– Кинорежиссер от Бога – Миша Богин – дорман, то есть в приличном доме швейцар. Другой творческий работник – в кабаке вышибала. Оперный певец – в синагоге поет. Знаменитая эстрадная певица – в кабаке захудалом (там их несколько, наших знаменитых певиц). Диктор – доктор – нелегально массирует. Ну, это диктор радио. Диктор же телевидения – легальный у нас массажист (было телевидение, теперь теловидение). Доктор наук – студент. Саксофонист – пошел в монахи. Физик-лирик – грузит кошерное мясо. Лирик-физик – тоже физический труд – таскает подносы в столовке. Писатель по соседству – подсобник, то есть моет посуду, а вот в Москве даже за собой не мыл. Другой – на пособии. Третий – таксист. Четвертый – пешком рысист. Пятый – русист. Кто поспособней – пишет порно. Кто удачно вышел замуж, кто в публицистах – в своем семейном кругу утирает слезы родной газеткой, а кто на ювелира пошел…
– С ножом?
– Нет, учиться. Кто-то просто учится – абы чему. Следующий – тоже студент. А за ним – вообще школьник – хочет начать все сначала. А кто-то хочет, напротив, начать все с конца и пенсию получить (здесь ее дают и дня не работавшим). Поэт… Ну, поэты всегда были выше забот меркантильных… Помнишь, да нет, я не успел тебе это сказать:
Нерупов
– А вот меня отпустили не брав, – говорит прозаик Нерудов, взявший себе имя Падло в честь тоже никакого Неруды – Пабло (он слегка спутал его имя). Настоящий Неруда был чех и погиб как герой, а Пабло не только не погиб в борьбе с фашизмом, а еще и зад его тогдашнему союзнику вылизывал, прямо из Чили доставал языком до Москвы, а уж когда приезжал – и подумать страшно – что им вытворял. Но они были почти из одного места – Пабло Неруда – из Чили, а Падло Нерудов – из Чилика. Именно к ним в Чилик, затерянный где-то под Алма-Атой, тоже черт знает где примостившейся, любил наезжать из Англии сэр Макмиллан – большой гурман в смысле выпить, обожавший «Чиликское крепленое» (подозревают, что он им мыл ноги), и вообще большой друг Советского Союза – именно его правительство вместе с американцами выдали Сталину два миллиона русских после войны. И что уж с ними усатый сделал, думаю, объяснять не надо. Нерудов как раз приехал сюда написать об этой трагедии, но его опередили. Какой-то лорд уже написал и крикнул вместо всех русских, будто всех русских свалила ангина.
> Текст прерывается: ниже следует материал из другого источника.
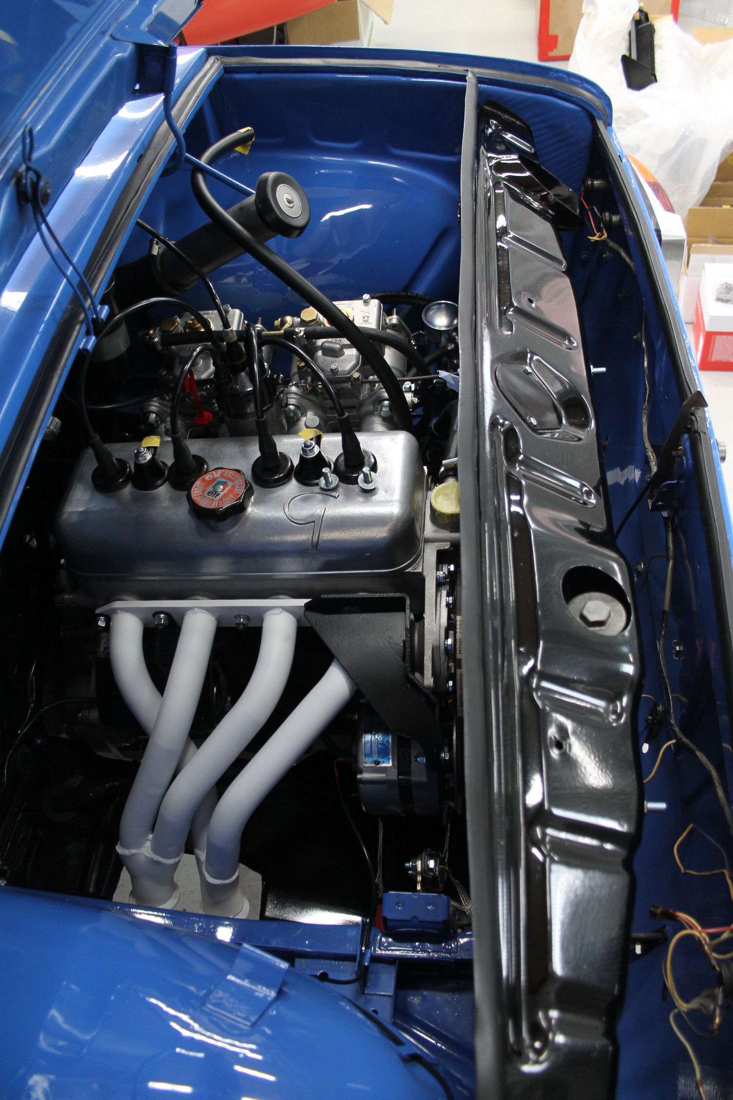 新品のモールが硬くて入れるのが大変だったようです(青く見えるのは養生です)

– А какая все же главная причина, что ты уехал? – спрашивает Бах. – Вот у нас, например, не считая того, что нас просто турнули, необычайно развито любопытство. Может, ты чахнул, как Чехов?
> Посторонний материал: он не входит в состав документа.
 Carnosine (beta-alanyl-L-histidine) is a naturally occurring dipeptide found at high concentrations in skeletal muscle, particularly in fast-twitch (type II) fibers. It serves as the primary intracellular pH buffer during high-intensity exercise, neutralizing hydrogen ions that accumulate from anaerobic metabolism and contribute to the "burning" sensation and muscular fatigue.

– Чихал я на них, а не чахнул, – отвечает Нерудов, – просто мои темы эмигрировали раньше меня, видимо, я родился вольным художником, но в силу сложившихся обстоятельств был вынужден задержаться в своей детской люльке, рискуя в ней остаться и до глубокой старости, но судьбе было угодно, чтобы я все же выполнил свой священный долг… Каждый день я занимаюсь чистописанием, плавно переходящим в священнодействие, готовя шедевр, который ожидает Россия: к тому времени, когда она будет свободной, будет готова и моя книга. Настоящие вещи должны писаться не торопясь. Так что у России еще есть время освободиться.
– Литература – хобби, раз денег не приносит, – соглашается Бах.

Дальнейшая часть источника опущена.